Atividade ilícita é toda aquela contrária a alguma norma jurídica. Os atos criminosos são uma das espécies dos atos ilícitos e caracterizam-se por sofrerem sanção (punição) particularmente severa (a esse respeito, veja o texto Crimes e atos de improbidade). Para que um ato seja crime, é necessário que exista definição anterior da conduta em uma lei penal, a qual deve também fixar as punições aplicáveis. Essa é uma exigência da garantia fundamental conhecida como princípio da legalidade penal, prevista no artigo 5.º, inciso XXXIX, da Constituição do Brasil.

A descrição das condutas consideradas crime pelas leis é tecnicamente denominada de tipo penal. Quando uma conduta corresponde a essa descrição, diz-se que ela é típica e, portanto, em regra deve ser punida de acordo com o devido processo legal.
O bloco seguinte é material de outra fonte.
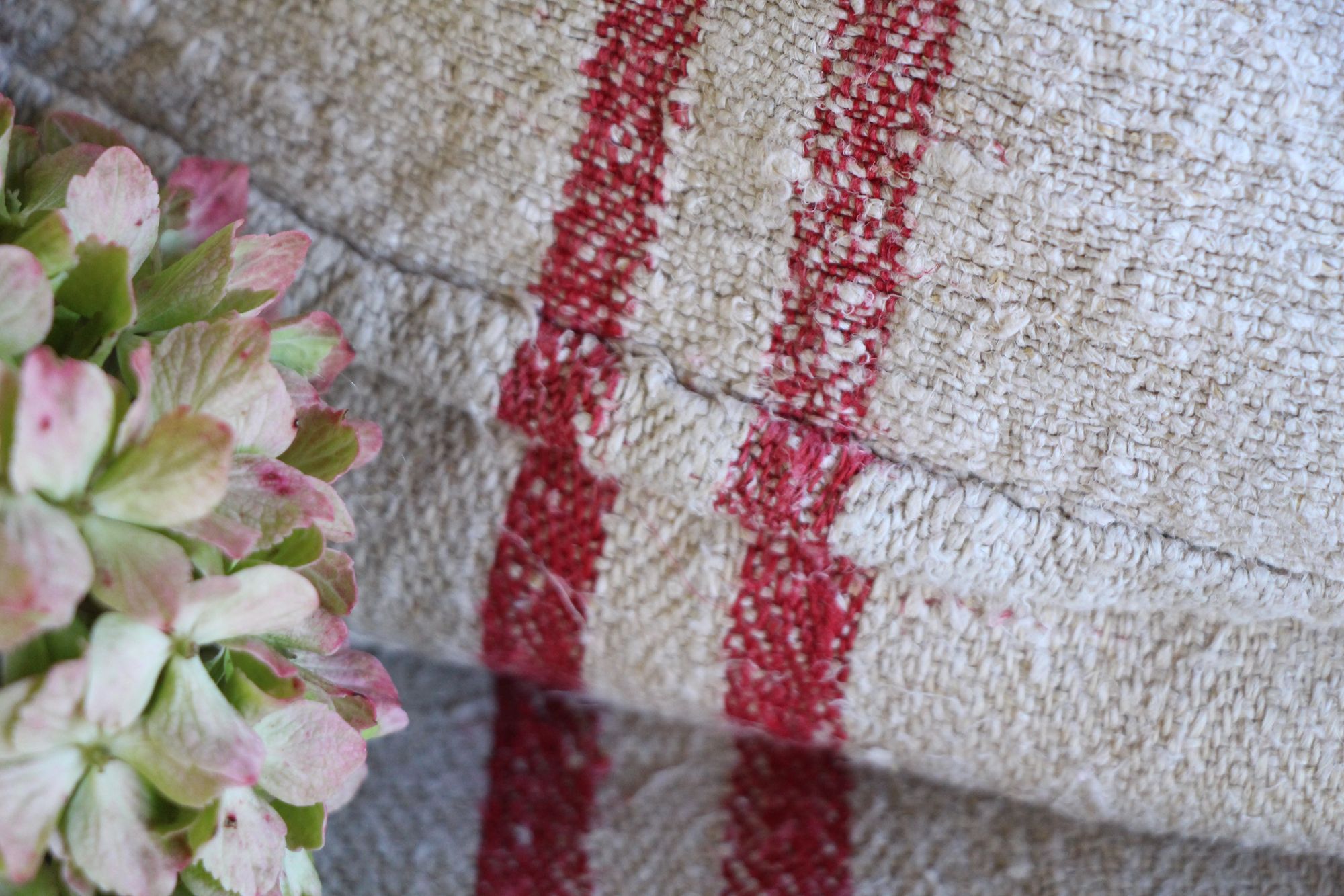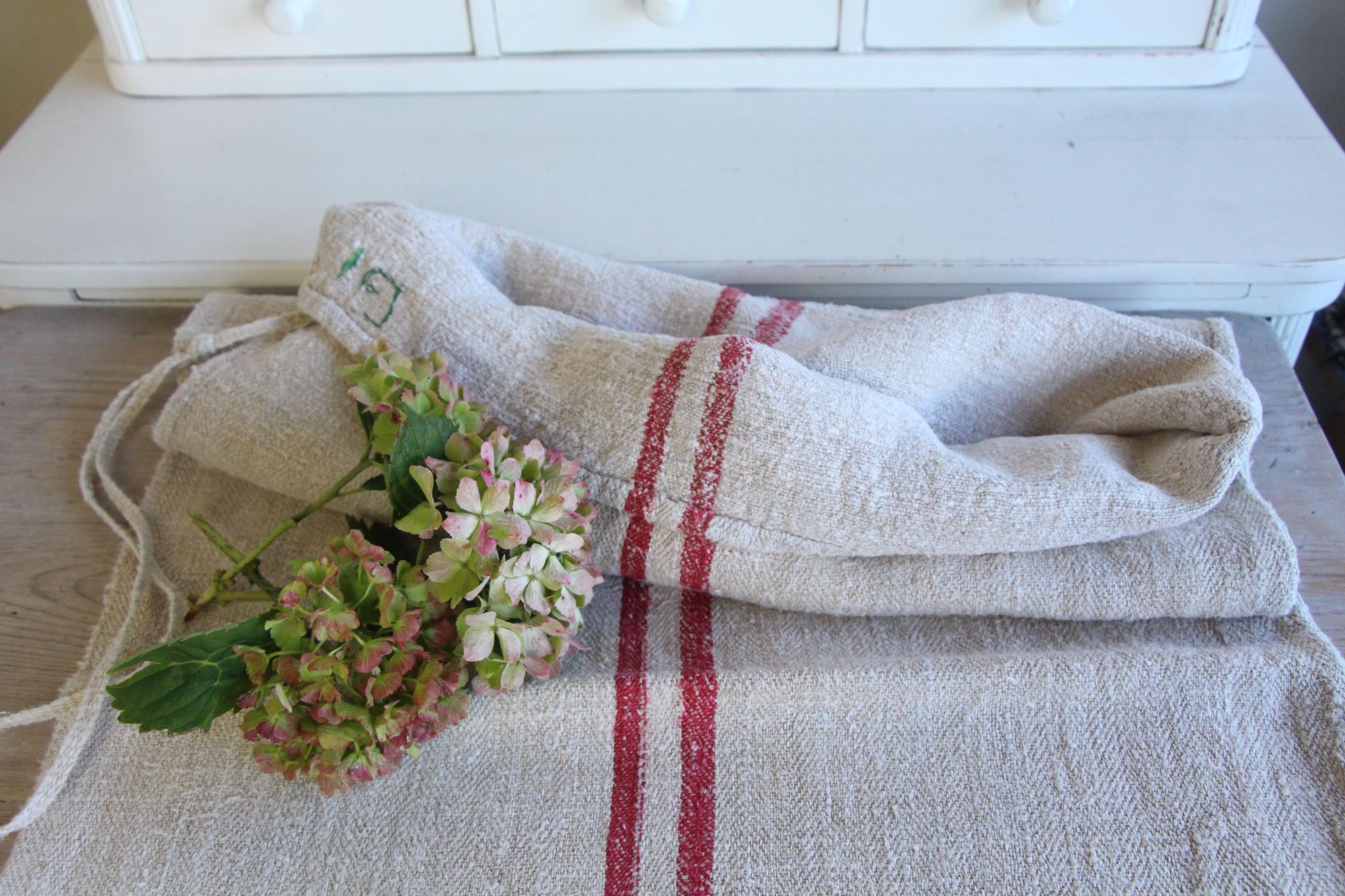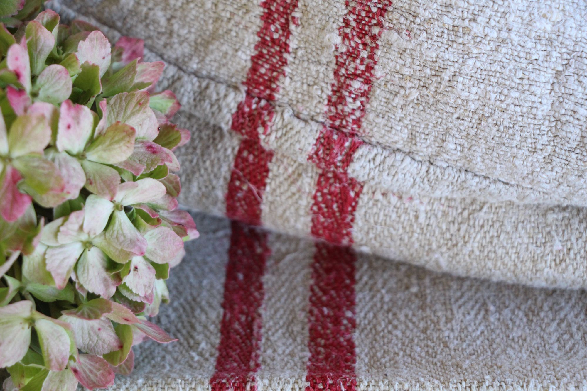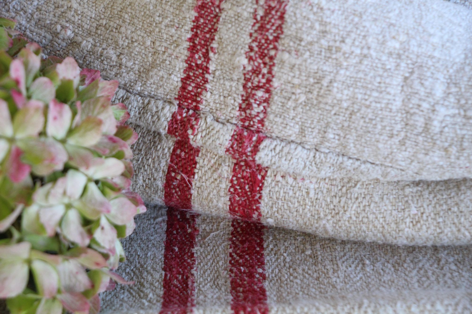 Alle unsere Leinenrollen und Getreidesäcke sind in ihrer Textur und Farbe einzigartig, aber sie alle sind wunderbare Schätze textiler Volkskunst. Sie sind 100 % biouf dem Bild zu sehen sind.logisch und völlig frei von chemischen Substanzen, frisch gewaschen, einwandfrei sauber und bereit für Ihre kreativen Projekte.

Não existe nenhuma norma jurídica em vigor no Brasil que puna a prostituição, entendida como a prestação de serviços sexuais em troca de dinheiro por parte de homem ou mulher adulto e livre de coação. O Código Penal e as demais leis criminais não contêm artigo algum que defina essa atividade como crime. Em consequência, a prostituição não é crime no Brasil, isto é, do ponto de vista jurídico, é uma conduta penalmente atípica.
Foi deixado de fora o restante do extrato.